The Fear All of Sums

Visibility, transparency, and complying with onerous new regulations such Sarbanes-Oxley are burning issues on the minds of CFOs, CIOs, and other corporate executives. In a roundtable discussion, we hear a variety of perspectives on addressing the challenges

by David Stodder

Continued from Page 2

Karpoff: One response I heard, from a prominent member of the Seattle business community, was: "You know, for public corporations, it's no longer fun to be a board member. What I'm doing is resigning all my public board seats and that's my advice to everybody else." His reason was that board meetings are increasingly about compliance. The benefits of experience — of thinking that you are somehow adding value through your oversight function — is going down, and the potential costs are going up. In fact, a number of firms have been reporting difficulty in retaining and recruiting quality board members.

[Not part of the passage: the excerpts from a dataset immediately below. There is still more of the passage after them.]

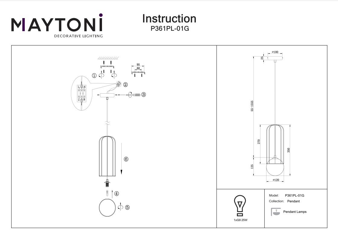 Купить "Подвесной светильник Maytoni Telford P361PL-01G"
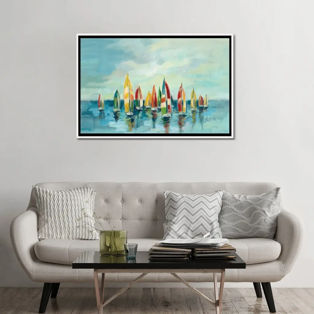Icanvas "Regatta" By Silvia Vassileva Framed Canvas Print - Gold - 32x48
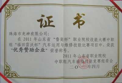 我司榮獲2011年山東省技能大賽“優秀贊助企業”榮譽稱號 2011-04-18 10457 4月7日,在「2011年山東省“魯商杯”職業院校技能大賽」中職組“福田雷沃杯”汽車運用與維修技能大賽項目中,我司榮獲“優秀贊助企業”榮譽稱號。
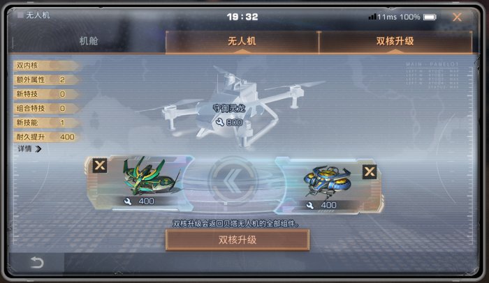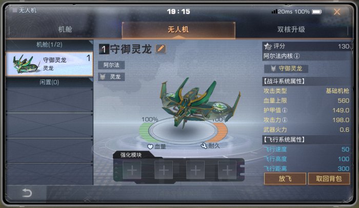守御灵龙无人机为阿尔法无人机,搭载贝塔无人机,可升级为欧米伽无人机
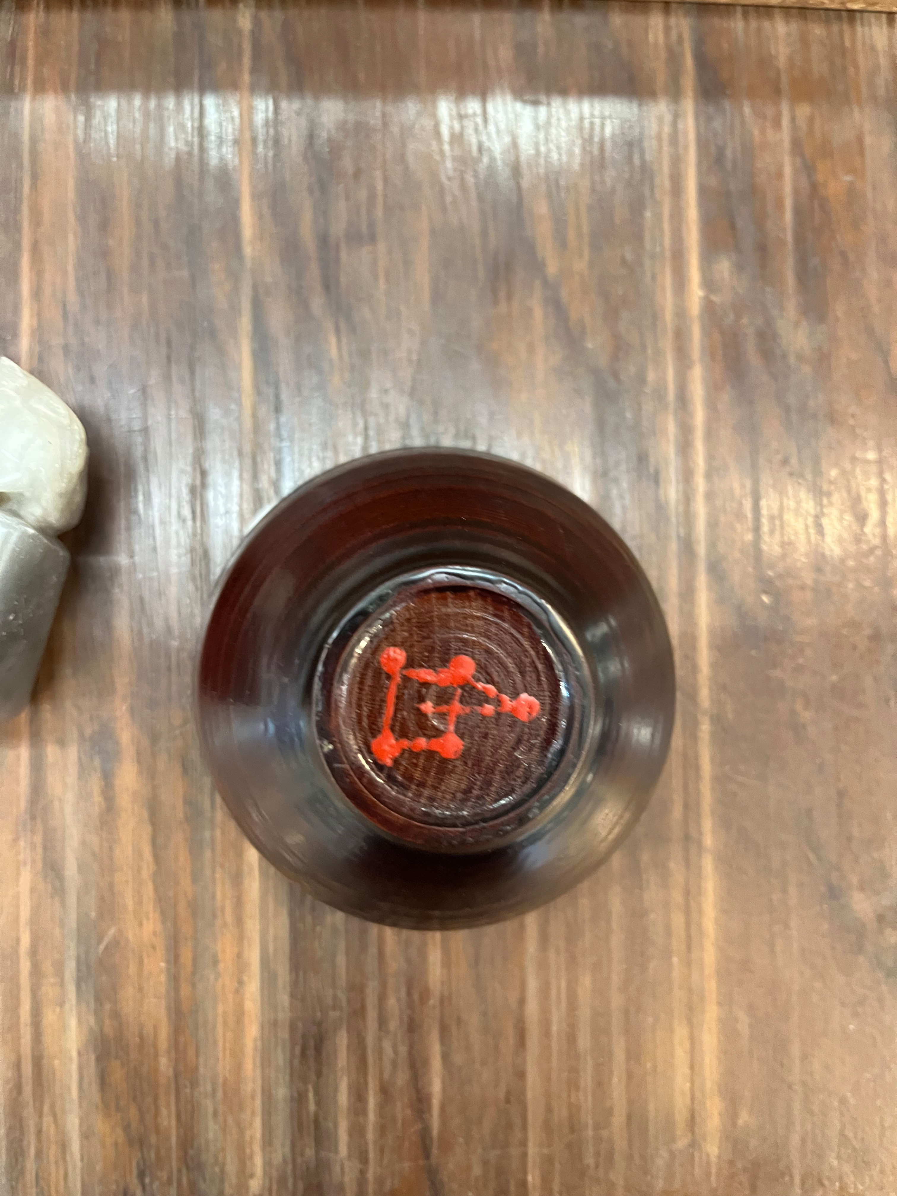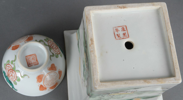 - Katalog-Nr: 850Dreitlgs. Konvolut Asiatika aus Holz und Porzellan: Vier Schabstifte im Etui, eine runde Kumme (H=11,5 cm, D=21 cm), ein Cachepot (H=14 cm) und zwei Koppchen.o.L.

My second observation is that we're starting to find out quite a bit about what happens to firms that get into trouble. As I said earlier, the market penalties swamp the legal penalties; if you display less than sterling integrity, you risk losing consumer and investor confidence. You risk losing generous terms on trade credit. You risk higher financing costs. The price of these effects, and the decreased revenues that usually follow, become the market penalty. Now, market penalties differ depending on the misconduct revealed, but for accounting misrepresentation, we are finding out that the penalty is large. We are finding that for every dollar a firm overstates its earnings or inflates its asset value, it takes a hit of two dollars in market penalties.

Audience: Irving, as a CIO, what is the interaction you have with a CFO? Also, how do the both of you balance what we've been talking about here with the needs and desires of a CEO who wants to push the business aggressively?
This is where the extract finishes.